Seizures can result from a number of unrelated conditions, including residual scarring from stroke, toxicity, electrolyte imbalances, brain diseases and head trauma. Generalized tonic/clonic seizures may occur in any person under certain circumstances, including fevers and drug overdoses, but these patients are not typically classified as epileptics. Epilepsy connotes that an individual has seizures which recur over time in an unpredictable fashion. In 70% of all cases, there is no definable cause for epilepsy. It can occur in anyone at any age with no apparent etiological basis. In the other 30% of cases, an injury or disease of the brain is present, and the abnormal electrical activity can be traced to this region.

The most common ages of onset for epilepsy are for those under the age of 18 and those over the age of 65. About 4% of the population has some form of epilepsy.

A small but detectable decline in cognitive function is known to be associated with epilepsy although it has not been entirely clear to what extent this is due to the epilepsy itself or to the drugs used to treat it. Newer anti-epileptic drugs are considered to have less cognitive effects than older drugs. On an individual level, a person's reaction to epileptic seizures and / or anti-epileptic drugs may be idiosyncratic so it is difficult to predict how a particular person might be affected. However, except in rare cases, cognitive impairment is not considered a major feature of epilepsy.


Epilepsy is often treated with medication, Neurocybernetic Prostheses (similar to a heart pacemaker) and occasionally via surgery or specialized diet. In most cases, the proper emergency response to a Generalized Tonic/Clonic epileptic seizure is simply to prevent the patient from injuring themselves, by moving him or her away from sharp edges, placing something soft beneath the head, and carefully moving them onto their side to avoid asphyxiation. If the seizure lasts longer than 3-4 minutes, contact Emergency Medical Services immediately, as this may indicate the presence of Status Epilepticus, a potentially fatal condition. One should never place any object in a person's mouth during a seizure as this could result in injury to the victim's mouth. It is not possible (despite folklore to the contrary) for a person to swallow the tongue during a seizure.

Various drugs have been discovered that serve to control or limit seizures, including carbamazepine (brand name Tegretol), oxcarbazepine (Trileptal), clonazepam (Klonopin), ethosuximide (Zarontin), felbamate (Felbatol), fosphenytoin (Cerebyx), gabapentin (Neurontin), lamotrigine (Lamictal), phenobarbital (Luminal), phenytoin (Dilantin), primidone (Mysoline), tiagabine (Gabitril), topiramate (Topamax), valproate, sodium divalproex (Depakene, Depakote) and vigabatrin (Sabril).

Ketogenic diets have also been found to be effective in controlling some types of epilepsy, although the mechanism behind the effect is not fully understood. Ketogenic diets are high in fat and extremely low in carbohydrates, with intake of fluids often limited. This treatment, originated as early as the 1920s, was largely abandoned with the discovery of modern anti-epileptic drugs, but has enjoyed a return to popularity in recent times. Ketogenic diets are sometimes prescribed in severe cases where drugs have proven ineffective.

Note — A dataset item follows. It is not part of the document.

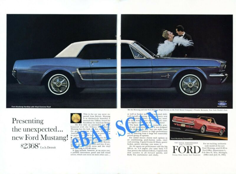 Title (ebay affiliate link): Very early 1964 Ford Mustang w/ vinyl roof original double page ad +CD BONUS!!

There has been some controversy – although very little – over the standards for diagnosis for partial-complex seizures and how these standards are applied in practice, both among some surrealists and in particular as regards Mary Baker Eddy, founder of Christian Science.

In April 2003, the BBC TV science programme "Horizon" featured discussion of research by American neurologist Gregory Holmes indicating that Ellen G. White, spiritual founder of the Seventh-day Adventist Church, may have suffered from temporal lobe epilepsy triggered by a head injury at age nine – the epilepsy supposedly being responsible for her powerful religious visions.

There has also been serious speculation that science fiction author Philip K. Dick suffered from similar seizures; he experienced visions on several occations, that, among other effects, reportedly helped him save his infant son from an undiagnosed life-threatening medical condition.